Are you you saying you've never experienced the passage of time in a dream? - that in a dream you could not have said that one thing "happened" before another? If so, I think that would be unusual.


----------



## Magaly

during sleep we go through altered states of consciousness. Our brain chemistry is different than when we are fully awake and aware, although even while awake we may experience time as faster or slower than it is. some mental disorders and many psychoactive drugs cause our perception of time to be altered. I don't know enough about what is going on chemically to be able to give an in-depth answer.

like ramondo said, we actually can "feel" time in dreams. We know we are awake now because other people have minds separate from our own, the objective world is relatively consistent and working as it normally does, etc. We can become conscious in a dream (logical centers in the brain can be somewhat activated) and realize that what we are experiencing is in fact very different from reality.


----------



## pr0ceeding

I think you're question can mean 2 things: Why can't we feel the passage of time when we're sleeping? or why can't we feel during the time while we are sleeping?

To answer the second one, when you go to sleep your mind basically disconnects from the rest of your body. This is for safety, so when you dream about running across a bridge, your physical body's legs are disconnected from your brain so they don't start running in bed.

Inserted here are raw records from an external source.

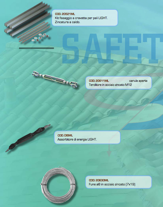 Viste le esigenze del mercato, Safetyline srl ha concepito il sistema LIGHT, che mantiene le stesse caratteristiche statiche della linea MULTIPLEX, ma con un valore economico più basso.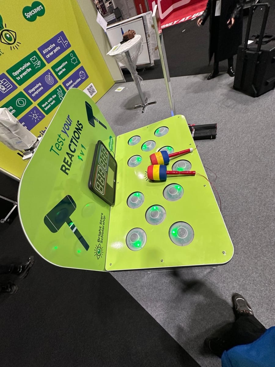 The electronic Whack a Mole is a 2-player head-to-head game where players hammer LED-lit moles as they pop up at random. Rounds last ~30 seconds with digital scoring, giving you up to 90 plays per hour. We’ve supplied these on exhibition stands at the NEC, ExCeL London, and Manchester Central, and they consistently pull visitors off the aisles and onto your stand.
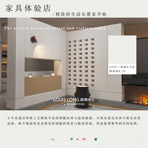 CAPRI·卡布里·肤感小羊皮艺术涂料,灵感源自意大利坎佩尼亚区那令人心驰神往的卡布里美景,将自然与艺术的完美融合带入了您的生活空间。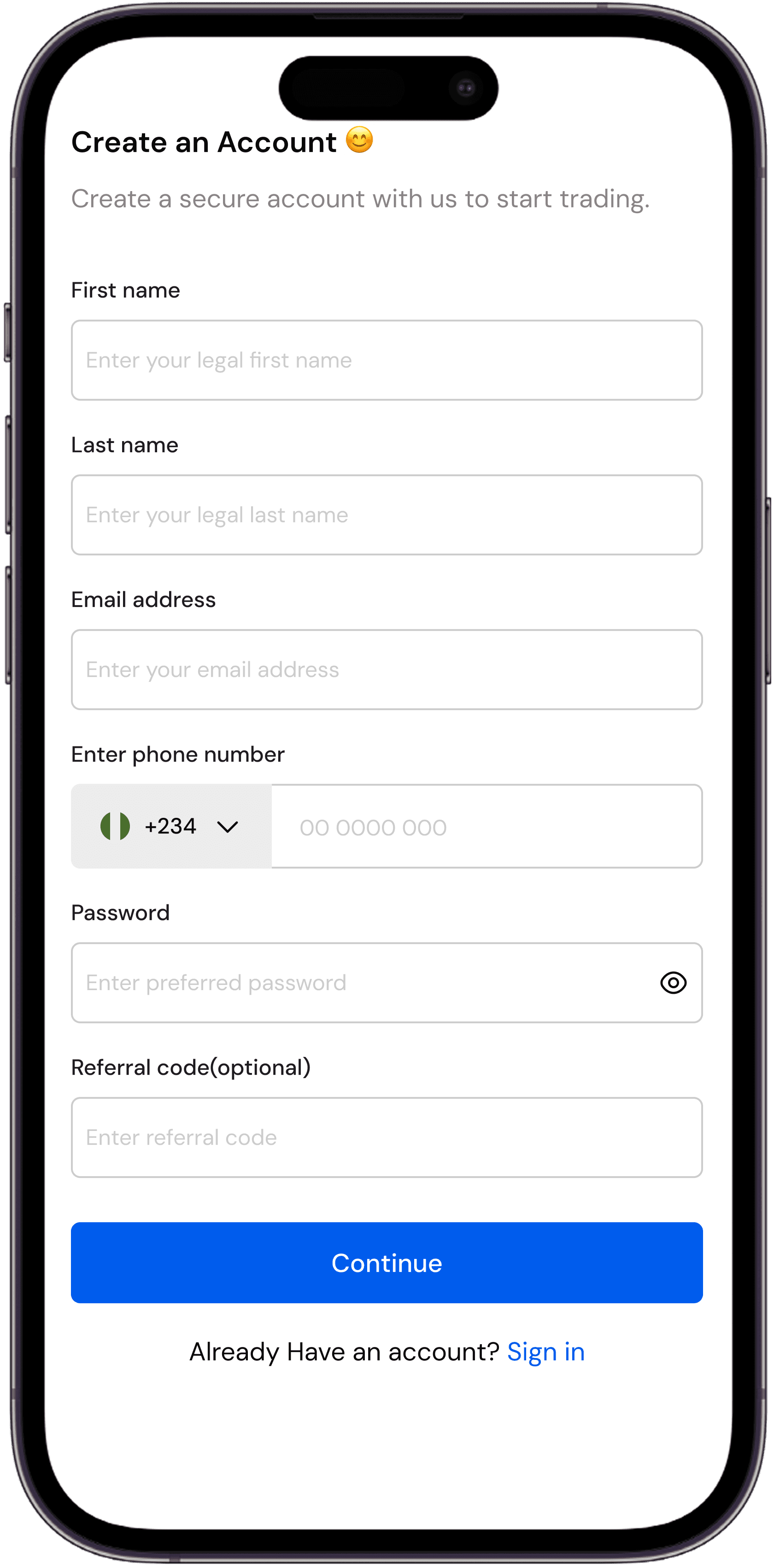 Easily Set-up your account with email and phone number
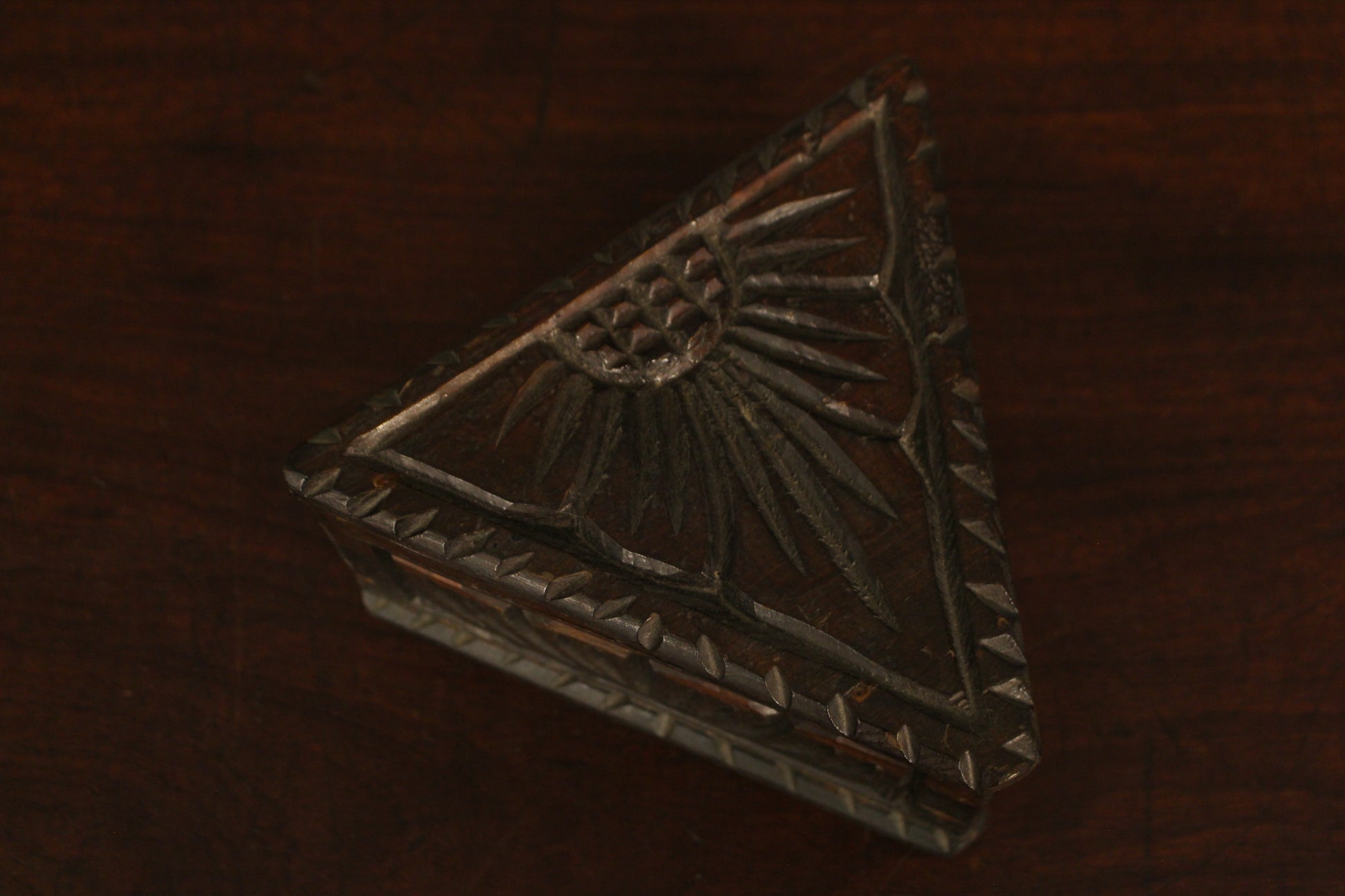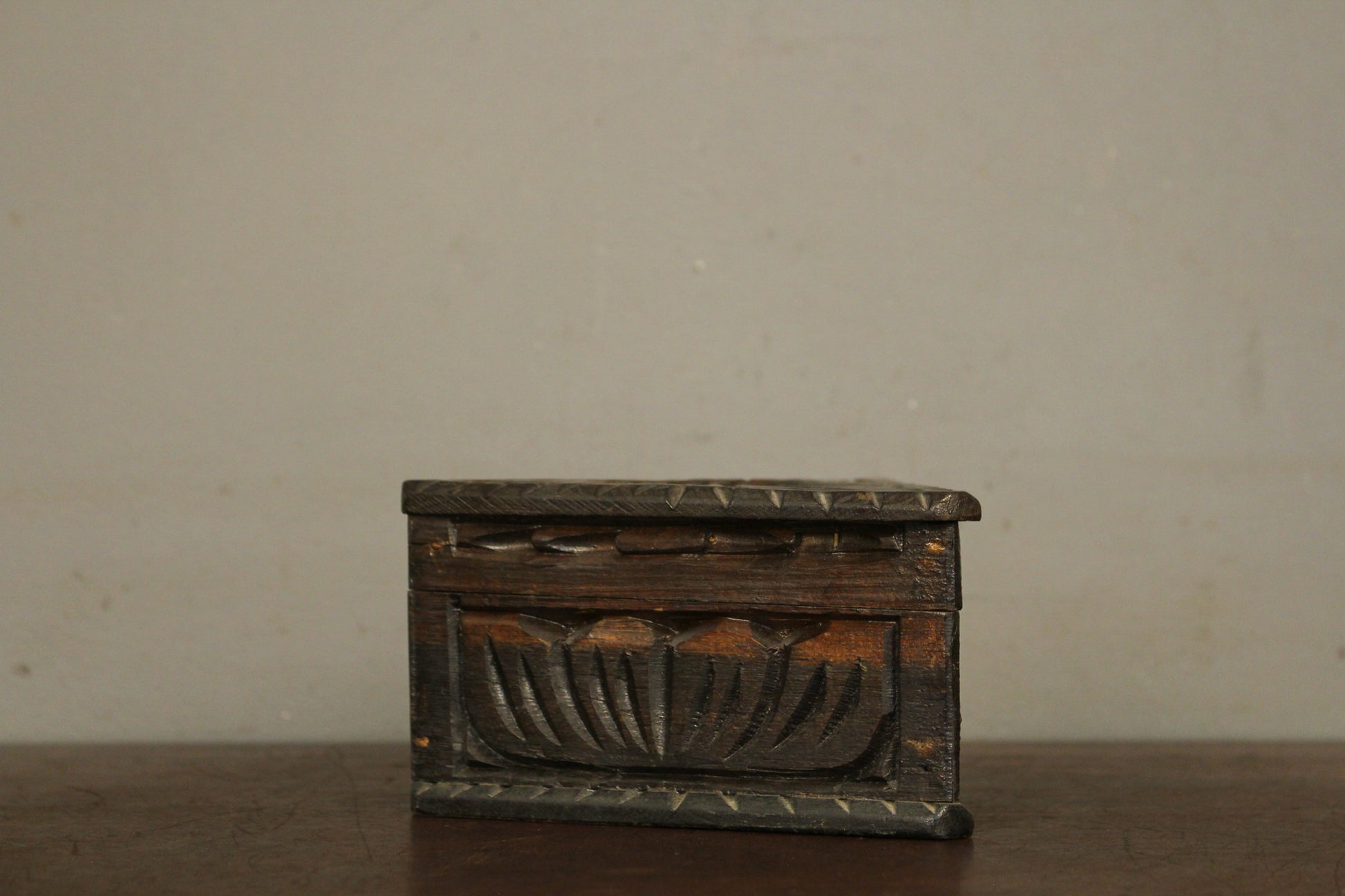 Great little carved wooden box. Red felted interior. Some wear to the food stain and other surface wear throughout.

But, also for safety (alot of safety features built into the human body), your body will wake up if it is startled enough.


----------



## JimmyDeansRetartedCousin

Magaly said:


> during sleep we go through altered states of consciousness. Our brain chemistry is different than when we are fully awake and aware, although even while awake we may experience time as faster or slower than it is. some mental disorders and many psychoactive drugs cause our perception of time to be altered. I don't know enough about what is going on chemically to be able to give an in-depth answer.
> 
> like ramondo said, we actually can "feel" time in dreams. We know we are awake now because other people have minds separate from our own, the objective world is relatively consistent and working as it normally does, etc. We can become conscious in a dream (logical centers in the brain can be somewhat activated) and realize that what we are experiencing is in fact very different from reality.


I like your brain.


----------



## Classified

If you can't feel time go past, does it really happen...?

I watched the movie Inception a few days ago. It makes you really think about stuff like this. Where if you take SSRI's, you may think your dreams are real and something that happened in the dream actually occurred in real life.


----------



## gomenne

You do not feel it on a conscious level but your brain does, it sends signals to your body to wake up after t= x hours of sleeping. Otherwise you would continue sleeping until you die


----------



## Ramondo

Freezing said:


> Thank you all for the informative replies ..
> is there anyone interested in the philosophical side of this ??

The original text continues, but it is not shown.